Your goal. Repeat the data below in full. Pictures must not be part of the copy.

Dataset excerpt.
----------------
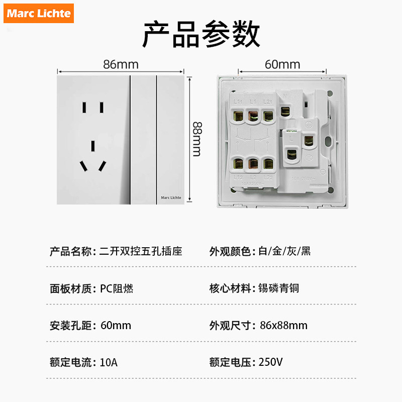 📚 二开五孔双控86型暗装二三插座带二位开关双联双开大板2开5孔面板
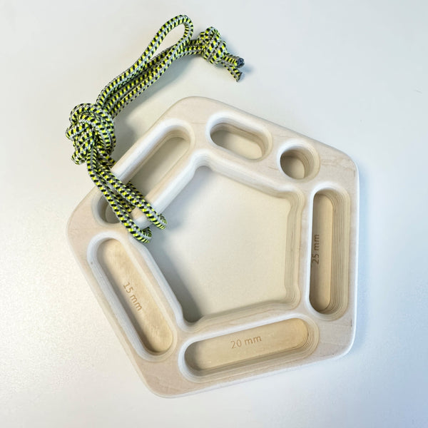 What We Say: The Penta is a versatile training tool with 7 grip options and a simple 360° system—just turn to switch grips! It helps strengthen your fingers, arms, and back with pulling and suspension exercises. You can also use it for full-body workouts like suspended push-ups. Made from soft, hand-friendly laminate wood.
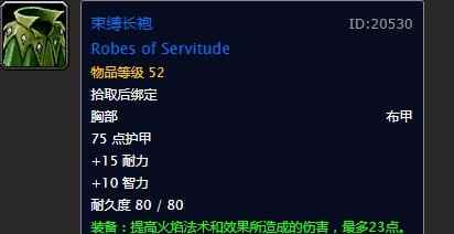3、束缚长袍:蓝色品质布甲上衣,75护甲,+15耐力,+10智力,装备效果提高火焰法术和效果所造成的伤害,最多23点,提高暗影法术和效果所造成的伤害,最多23点。 其实选择性的话还是推荐大家选择武器,因为在团本之中武器的竞争永远是最大的,所以为了给大家省钱选武器是不错的选择。 魔兽世界社区所有攻略资讯查询方法:1、想要寻找魔兽世界正式服和怀旧服最新攻略、资讯,可以下载安装魔兽世界社区。 2、首先点击下载魔兽世界社区,安卓下载地址:点击查看,IOS下载地址:点击查看,或者直接下载3dmapp,下载地址:点击查看。 3、下载安装app,然后点击app上方搜索关键词,会有相关下拉搜索,选择自己想要的魔兽世界攻略或者资讯,可以点击查看。
----------------
Solved exercise.
 📚 二开五孔双控86型暗装二三插座带二位开关双联双开大板2开5孔面板
 What We Say: The Penta is a versatile training tool with 7 grip options and a simple 360° system—just turn to switch grips! It helps strengthen your fingers, arms, and back with pulling and suspension exercises. You can also use it for full-body workouts like suspended push-ups. Made from soft, hand-friendly laminate wood.
3、束缚长袍:蓝色品质布甲上衣,75护甲,+15耐力,+10智力,装备效果提高火焰法术和效果所造成的伤害,最多23点,提高暗影法术和效果所造成的伤害,最多23点。 其实选择性的话还是推荐大家选择武器,因为在团本之中武器的竞争永远是最大的,所以为了给大家省钱选武器是不错的选择。 魔兽世界社区所有攻略资讯查询方法:1、想要寻找魔兽世界正式服和怀旧服最新攻略、资讯,可以下载安装魔兽世界社区。 2、首先点击下载魔兽世界社区,安卓下载地址:点击查看,IOS下载地址:点击查看,或者直接下载3dmapp,下载地址:点击查看。 3、下载安装app,然后点击app上方搜索关键词,会有相关下拉搜索,选择自己想要的魔兽世界攻略或者资讯,可以点击查看。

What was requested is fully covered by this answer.